The Government is Trying to Get You Killed
Warwick Grey
– February 14, 2026
5 min read

Government is preparing to advance amendments to the Firearms Control Act that would materially tighten civilian access to firearms, particularly for purposes of self-defence. The proposal raises important policy questions about crime prevention, state capacity, public safety, and individual protection in a high-crime environment.
The amendments were first proposed in May 2021. Among their most consequential provisions was a proposal to remove self-defence as an ordinary ground for firearm ownership and to significantly narrow eligibility criteria.
Public participation followed, with approximately 97 400 submissions received. Roughly 96% of those submissions opposed the proposed amendments.
Despite this level of opposition, reports indicate that Cabinet may consider the amendments next month. This suggests government looks set to ignore popular opposition.
The central change lies in limiting the right to own a firearm for self-defence. Under the current Act, a self-defence licence may be issued to a “natural person who needs a firearm for self-defence and cannot reasonably satisfy that need by other means”.
The threshold is necessity combined with a lack of reasonable alternatives.
The amendment would replace this with a requirement that applicants demonstrate “exceptional circumstances” by providing sworn statements detailing threat levels, prior incidents, distance to the nearest police station, availability of alternative safety measures, likelihood of continued threat, and “any other factors determined by the minister”.
Another section, which currently allows certain restricted firearms to be licensed for self-defence where standard firearms are insufficient, would be repealed entirely.
The practical effect is to raise the evidentiary threshold significantly. Self-defence would no longer be grounded in ordinary need, but in a heightened, discretionary standard administered by the state.
In addition, the amendment intends to repeal a provision permitting private ammunition reloading and prohibit civilian possession of reloading equipment; reduce the standard ammunition possession limit from 200 cartridges per firearm to 100 cartridges per firearm; introduce caps for the number of guns that both occasional and dedicated hunting and sport-shooting licence holders may have; require mandatory ballistic sampling for specified licensed firearms at the cost of the licence holder; and reduced the validity period of competency certificates from 10 to five years.
This shift is occurring against the backdrop of longstanding debate over the drivers of violent crime.
A 2015 report by the Wits School of Governance, commissioned by the Civilian Secretariat for Police, found that “the distributions of age and gender of private firearm owners are very different from those of persons accused of crime”.
The report further concluded that “in the absence of strong policing, the usage of firearms in perpetrating murder tends to return to the higher levels that existed before […] the period of strong policing”.
Its broader finding was that the Firearms Control Act alone is unable to reduce firearm-related crime without effective policing.
According to a legal expert familiar with the matter who spoke to The Common Sense, these findings were received by the state but not meaningfully acted upon.
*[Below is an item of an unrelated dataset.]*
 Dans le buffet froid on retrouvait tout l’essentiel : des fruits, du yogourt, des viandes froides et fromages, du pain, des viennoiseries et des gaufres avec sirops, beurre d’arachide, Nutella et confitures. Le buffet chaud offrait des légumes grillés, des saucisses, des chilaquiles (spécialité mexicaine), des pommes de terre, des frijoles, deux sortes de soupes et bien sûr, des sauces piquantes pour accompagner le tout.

The expert noted that the structural policing weaknesses identified in the Wits report remain largely unaddressed.
Critics of the amendment argue that the emphasis on tightening civilian compliance overlooks the primary source of illegal firearms. Multiple firearms experts who spoke to The Common Sense maintain that a significant proportion of illegal weapons originate from leakage, theft, or diversion from state armouries and police stockpiles. The Wits report itself records thousands of firearms reported lost or stolen from police over time, with recovery rates remaining limited.
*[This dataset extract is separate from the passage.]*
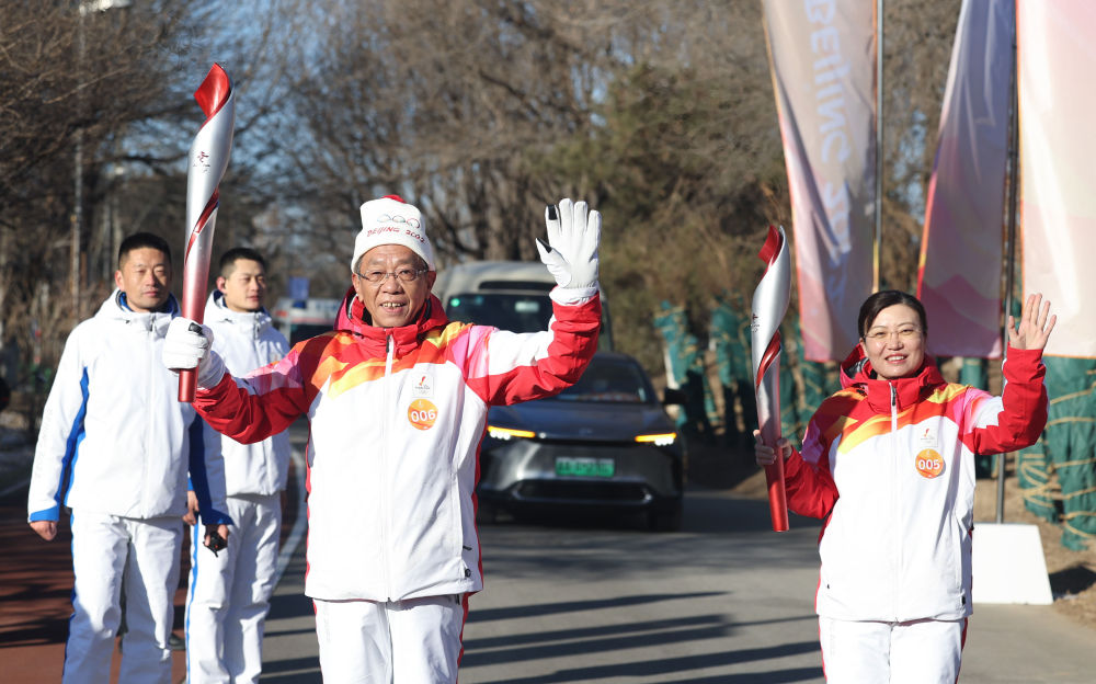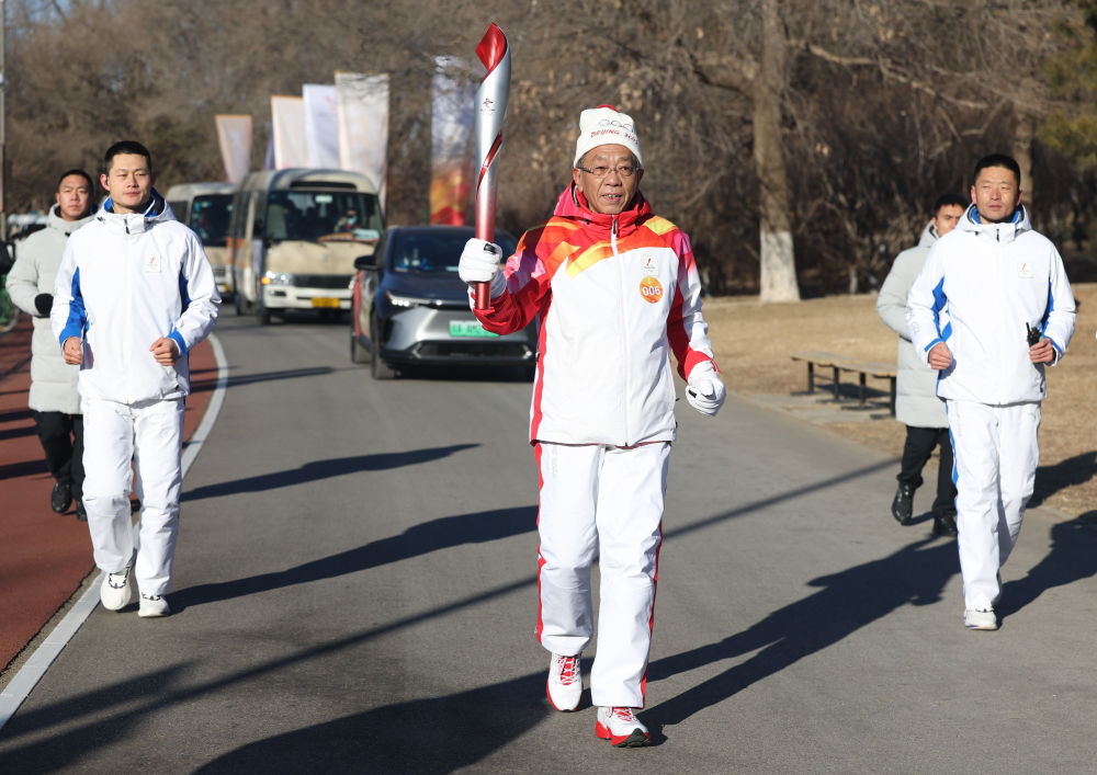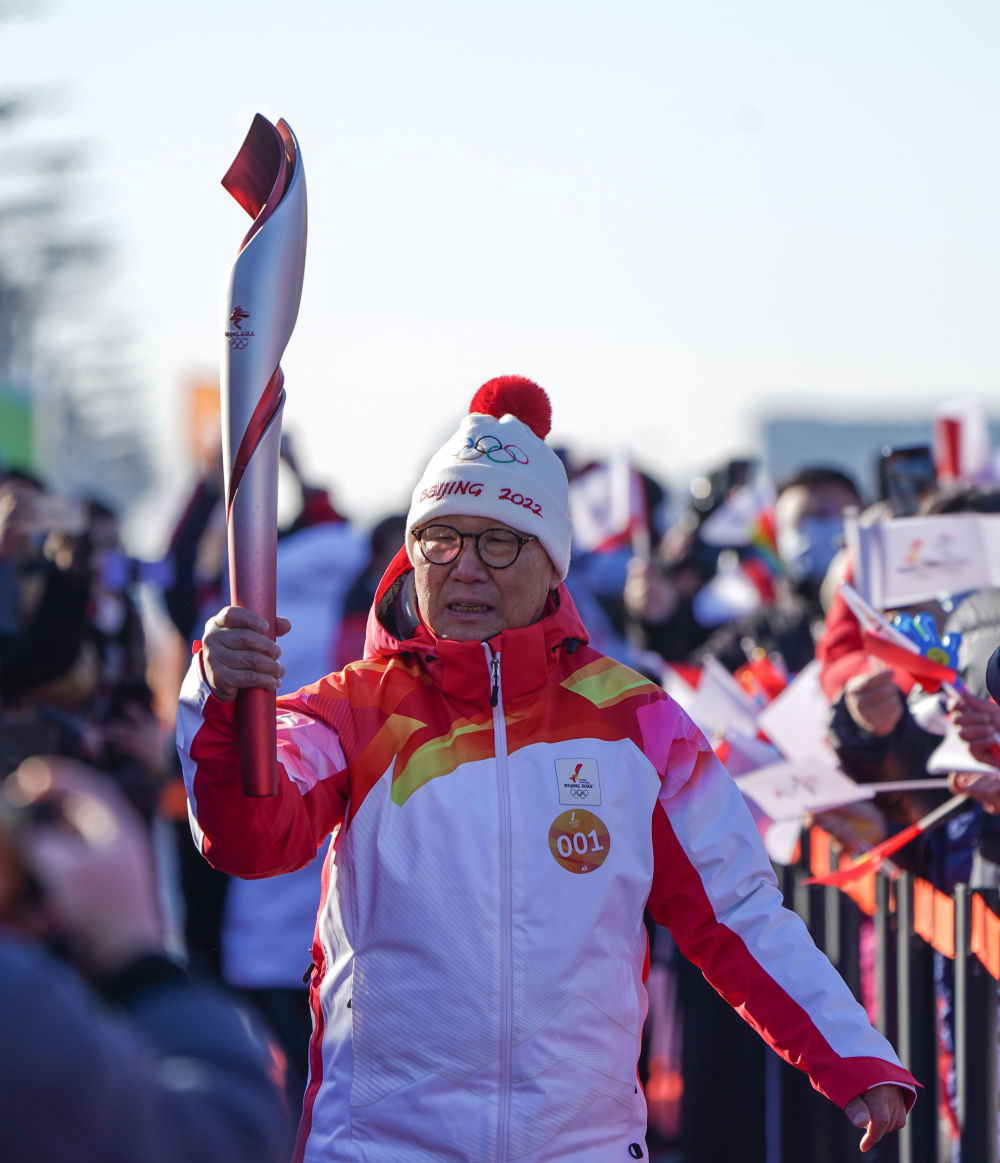 ↑2月2日,第一棒火炬手罗致焕在火炬传递中。新华社记者 陈晔华 摄

The policy debate is further complicated by public admissions from senior officials regarding enforcement capacity. Acting Police Minister Firoz Cachalia recently stated, in reference to organised gangs, “I do not believe that we are currently in a position to defeat these gangs.” That acknowledgement highlights constraints within law enforcement at a time when the state seeks to narrow private defensive options.
The broader question is therefore one of sequencing and emphasis. If violent crime is primarily driven by organised networks and policing deficits, then the effectiveness of stricter civilian licensing criteria will achieve nothing at all.
The debate now moves to Cabinet and, potentially, Parliament. At stake is not only the scope of civilian firearm ownership, but the underlying policy assumption about what most effectively improves public safety in South Africa’s current crime environment.